Friday, February 27, 2009 : Permalink

Bloomberg – Executives at buyout, venture-capital and hedge-fund firms will pay an estimated $24 billion more in taxes over nine years if President Barack Obama gets his way.

Obama’s 2010 budget proposal, released today, proposes raising taxes on the managers by treating carried interest, the portion of profits they take from successful investments, as ordinary income instead of capital gains. That change would boost the tax rate, starting in 2011, to 39.6 percent for most executives from the 15 percent they now pay.

The proposal applies to partnerships that receive a portion of the profits they make for their clients. It will likely reignite a debate begun in 2007 amid the biggest buyout boom in history, when firms including Blackstone Group LP and Och-Ziff Capital Management Group raised their profiles through public stock listings. While the House of Representatives approved the tax change that year, the measure wasn’t taken up by the Senate.

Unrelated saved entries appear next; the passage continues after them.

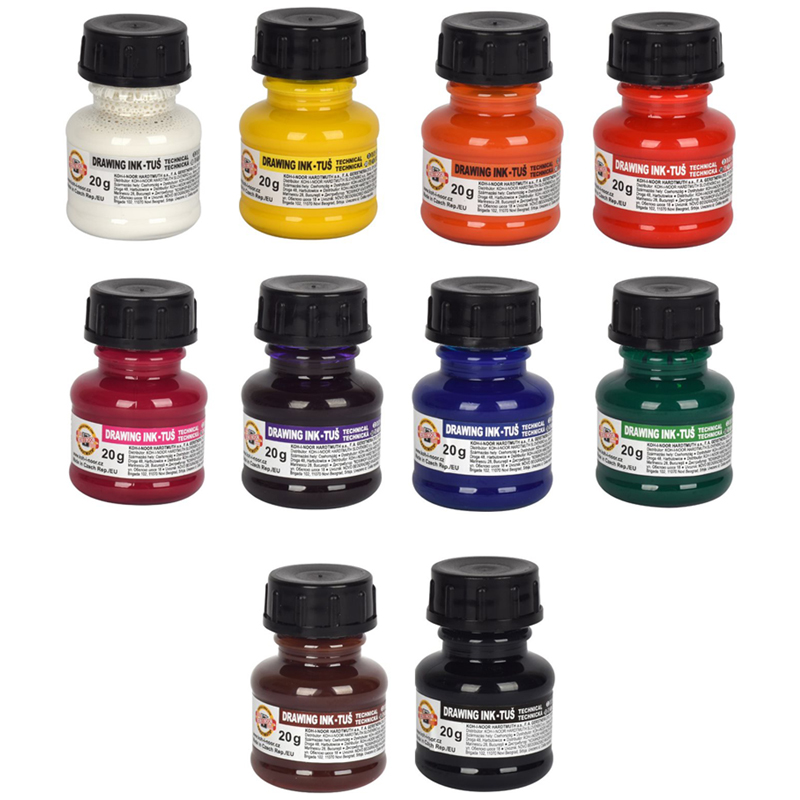 Тушь акриловая плакатная Koh-I-Noor, 20гр, 10цв., флакон в картон упак.
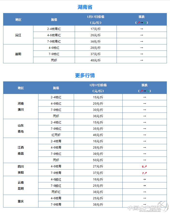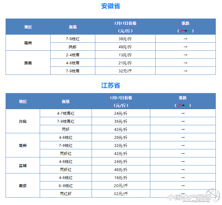 摘要: 中國水產頻道原創報道,1月17日全國小龍蝦市場批發價。
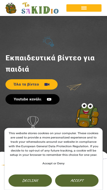 Το sakidio είναι ένας ιστοχώρος που φτιάχτηκε με πολύ μεράκι, συνέπεια και σεβασμό με σκοπό να φιλοξενήσει μεγάλης ποικιλίας εκπαιδευτικά βίντεο καθώς και τις προτάσεις μας διδακτικής αξιοποίησής τους.
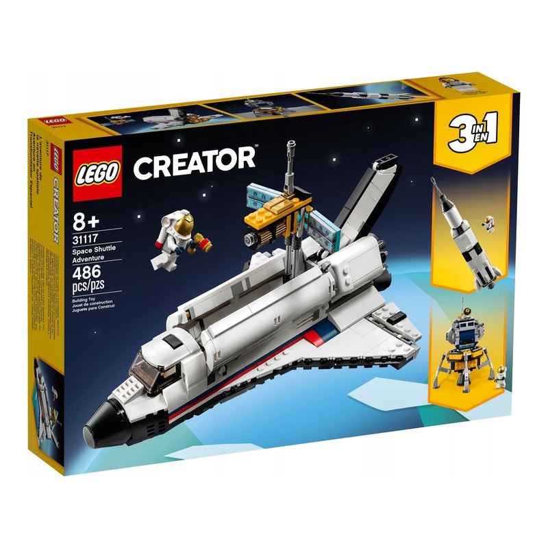 Lego Creator 3 w 1 Przygoda w promie kosmicznym inspiruje do odgrywania ról i wspaniałej zabawy trzema modelami: promem kosmicznym, rakietą i lądownikiem księżycowym. W komplecie 486 elementów, w tym nowa minifigurka astronautki (nowość na 2021 rok) z hełmem i narzędziem uniwersalnym. Badaczka kosmosu może podróżować każdym z trzech pojazdów, co pomoże urozmaicić zabawę. Prom kosmiczny ma ok. 12 cm wysokości, 28 cm długości i 19 cm szerokości, ma wysuwane ramię z satelitą i chowane koła, rakieta — ciekawie wyglądające silniki, a lądownik księżycowy — odczepiany człon wznoszenia. Z tym fantastycznym zestawem 3 w 1 wzniesiesz się do gwiazd.

“Obama and his team are up for a fight here,” said George Teixeira, a managing director with accounting firm RSM McGladrey in New York. “They’re missing key components of what these industries do.”

The change could hurt funds’ abilities to hire and retain managers, Teixeira said. The majority of pay at hedge funds and private-equity firms is drawn from their share of clients’ profits, typically 20 percent of the gains.

“If they have an incentive to give, they can keep their talent,” he said. “If that’s not there, it’s going to be tough to keep people.”